Today, the 2013 Food Sovereignty Prize is being awarded to the Group of 4 and the Dessalines Brigade/La Via Campesina. Their work exemplifies the power of family farmers who are ensuring food and nutrition security, protecting the environment, and improving livelihoods. We applaud their efforts and hope they inspire other farmers, eaters, businesses, and governments to make the food system more environmentally, economically, and socially just. And we urge the funding and donor communities to give them more attention, more research, and ultimately more investment to be replicated and scaled-up in developing and industrialized countries alike.
October 16th is World Food Day, an opportunity to celebrate the thousands of other farmers and groups working in fields, kitchens, schools, and laboratories around the world to improve food and nutrition security, increase incomes, raise yields, and protect biodiversity.
We’re also excited to participate in an event, Food, Land, and Small Planet Producers, on Thursday in Ames, Iowa to honor the work of women farmers.

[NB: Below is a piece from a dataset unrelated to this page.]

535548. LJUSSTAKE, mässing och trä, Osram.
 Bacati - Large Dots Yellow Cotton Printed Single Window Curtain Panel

Oxfam America is coordinating the event and speakers include Frances Moore Lappe, Harriet Nakabaale, and Kijoolu Kaliya.
To celebrate the winners of Food Sovereignty Prize and World Food Day, Food Tank has chosen to recognize initiatives giving family farmers the support that they need to produce healthy crops that feed their communities.
These five initiatives are working to support farmers growing indigenous, nutrient-rich crops all over the world. It’s important that these efforts be scaled up on a global level to expand access to healthy produce, promote enviromentally sustainable farming practices, and preserve traditional diets.

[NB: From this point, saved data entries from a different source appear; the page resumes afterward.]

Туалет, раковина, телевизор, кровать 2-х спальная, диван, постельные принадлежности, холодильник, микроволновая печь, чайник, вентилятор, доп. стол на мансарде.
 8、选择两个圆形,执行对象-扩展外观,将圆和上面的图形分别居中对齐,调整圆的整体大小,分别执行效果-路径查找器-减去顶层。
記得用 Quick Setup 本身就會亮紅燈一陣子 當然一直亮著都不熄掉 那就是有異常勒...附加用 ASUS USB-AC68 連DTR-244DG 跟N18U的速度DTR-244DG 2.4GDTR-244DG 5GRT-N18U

1. The Indigenous Plants for Health and Wellness Program (IPHWP) was created by the Republic of the Philippines’ Bureau of Agricultural Research (BAR). The program studies Philippine environmental biodiversity, focusing on indigenous food crops to combat malnutrition. Throughout the research process, BAR collect species varieties in an effort to conserve the country’s rich plant varieties. With data, preservation, and research, BAR works toward building awareness of the importance of nutrient-rich indigenous plants, while creating new markets for local production.

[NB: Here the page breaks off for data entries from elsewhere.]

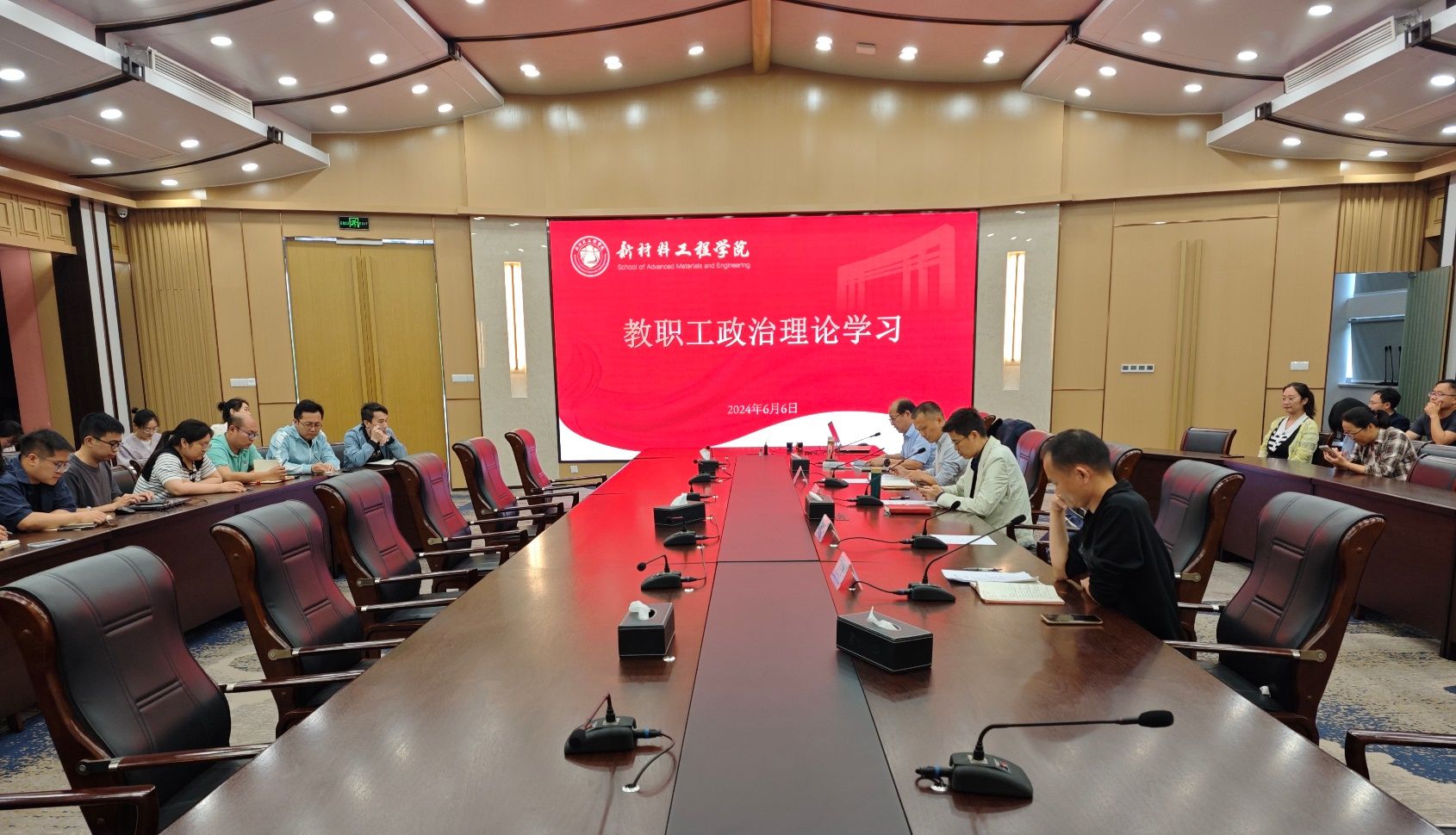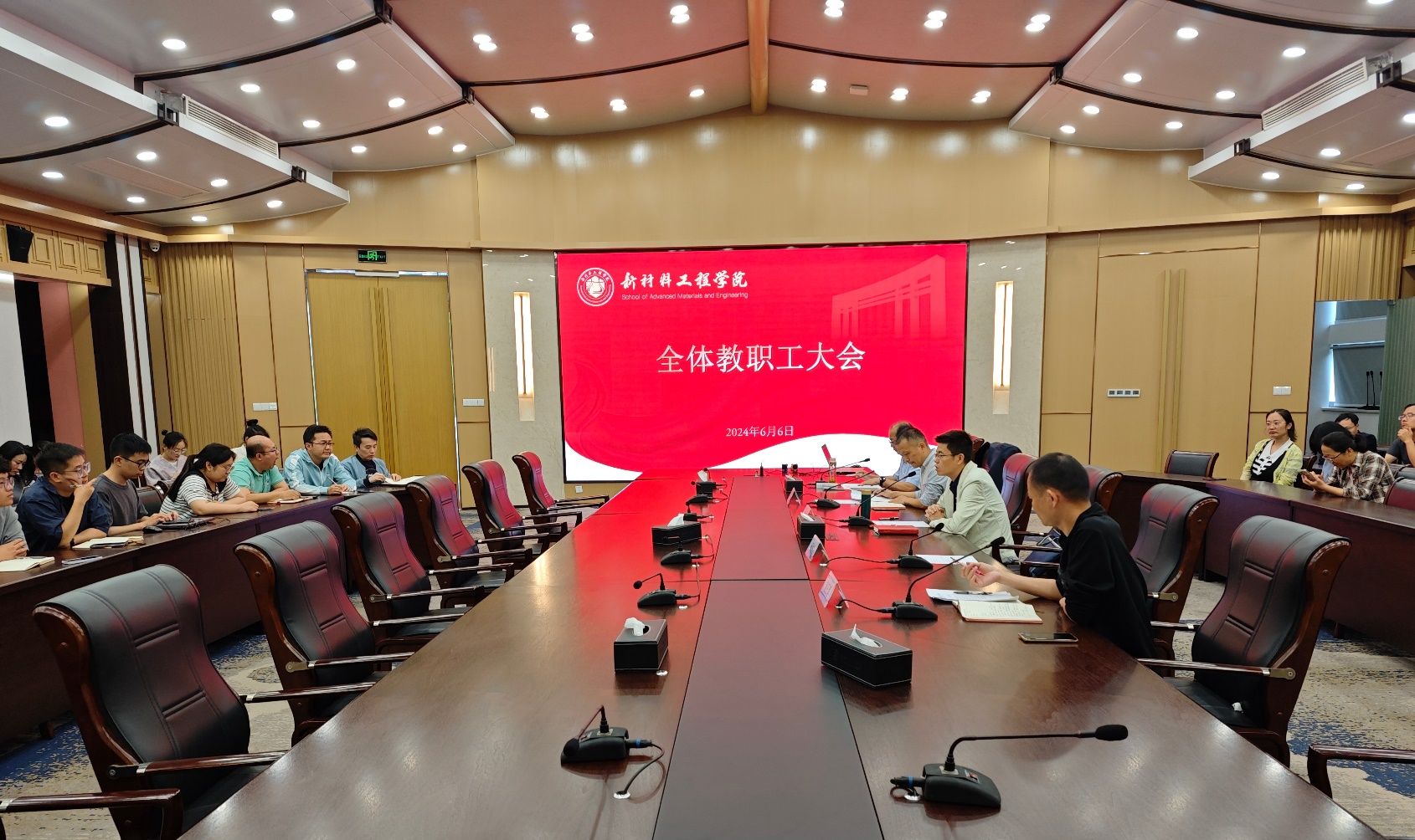 6月6日下午,新材料工程学院在第六报告厅召开全体教职工大会。学院副院长解春松、党委副书记赵正喜、党委组织员赵惠明及全体教职工参会。会议由学院党委书记郝涛主持。
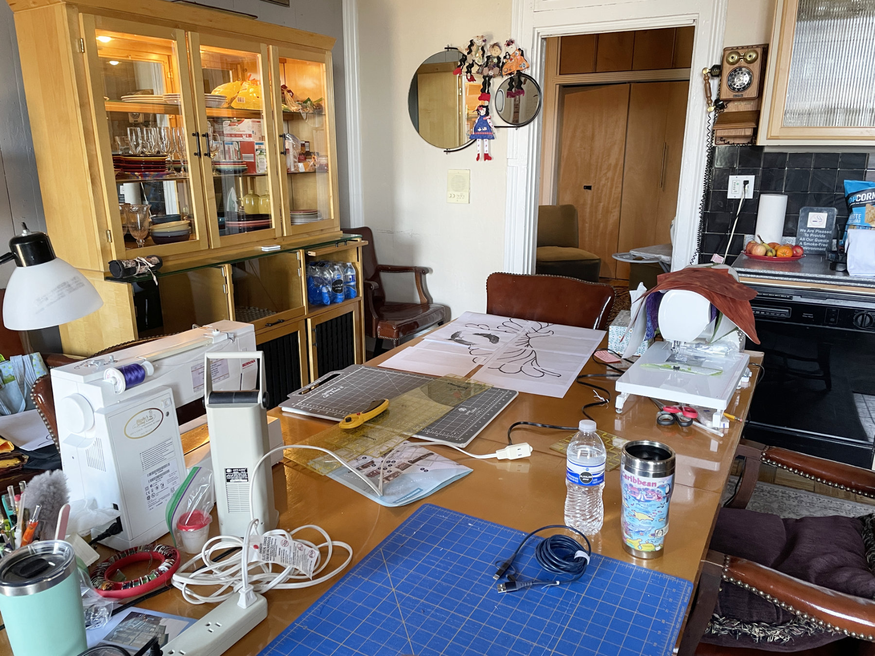 And they smelled heavenly. Everything was beautiful and green. We unpacked and set up our “studio” in the kitchen of our the second story guest house as usual (note all 4 quilt sissies hanging around on the mirror top center 😁).
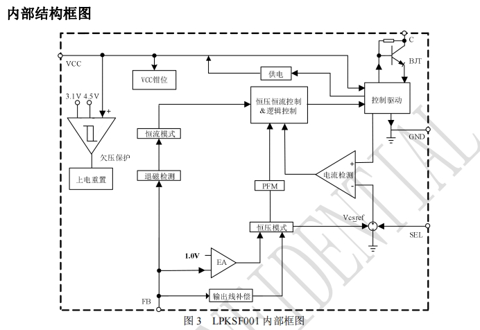 自供電技術(shù):LPKSF001采用自供電技術(shù),取消了輔助繞組VCC供電二極管,減少了外部元件數(shù)量,提高了電路的可靠性。
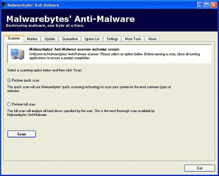 Malwarebytes' Anti-Malware - новая программа от создателей RogueRemover Pro и About:Buster и других популярных утилит, предназначенная для быстрого сканирования системы в поисках различных видов вредоносного ПО. Anti-Malware пока еще находится в стадии разработки, так что возможны проблемы со стабильностью.
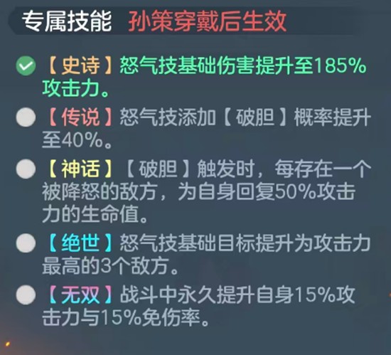 孙策的怒气技能可对前排敌人造成155%的伤害,并对已附带灼烧状态的目标额外提升15%伤害。同时有20%概率触发“破胆”,降低目标怒气值,从而延缓敌方关键技能释放节奏。这一机制在对抗依赖怒气的大招型武将时尤为有效。其天赋技能虎魂在达到传说一星时激活,每当己方或敌方有武将阵亡时,孙策可恢复2点怒气。这使得他在战局进入中后期后更容易频繁释放怒气技能,形成输出循环。传说二星与三星阶段则分别提供10%生命与防御加成,进一步提升其战场适应性。

2. In Kenya, Mary Abukutsa-Onyango, professor of horticulture at the Jomo Kenyatta University of Agriculture and Technology (JKUAT), has helped farmers cultivate indigenous crops including amaranth, black nightshade, and Bambara nuts for consumption. Abukutsa-Onyango’s project also helps instruct farmers how to preserve these crops, once harvested, to help maintain maximum nutritional value.
3. Fundatia ADEPT is a biodiversity conservation organization in Romania helping local farmers use agroecological management practices to take care of their land, including cultivating indigenous species of plants and animals. Fundatia ADEPT works with individuals, communities, universities, and other governments to conserve agricultural ecosystems in the Transylvania region, and cultivate and protect more than 50 native species of edible plants.
4. As an original founding farm of the Navajo Family Farms (NFF) project, the North Leupp Family Farm (NLFF) works to improve the health and well-being of native North American peoples through sustainable agriculture and indigenous foods. NLFF advocates for the cultural revitalization of the Diné community, focusing primarily on farming techniques and crop varieties native to central Arizona. NLFF also teaches community members, particularly youth, about the significance of native plants and crops in traditional culinary arts through educational programs.
5. The University of Canberra received a grant for nearly AU$800,000 (approximately US$780,000) from the Australian Centre for International Agricultural Research to study the practices of women smallholder vegetable farmers in Papua New Guinea. The purpose of the project is to provide education and resources to enable these farmers, whose vegetable cultivation is usually restricted to household use, to sell their crops commercially.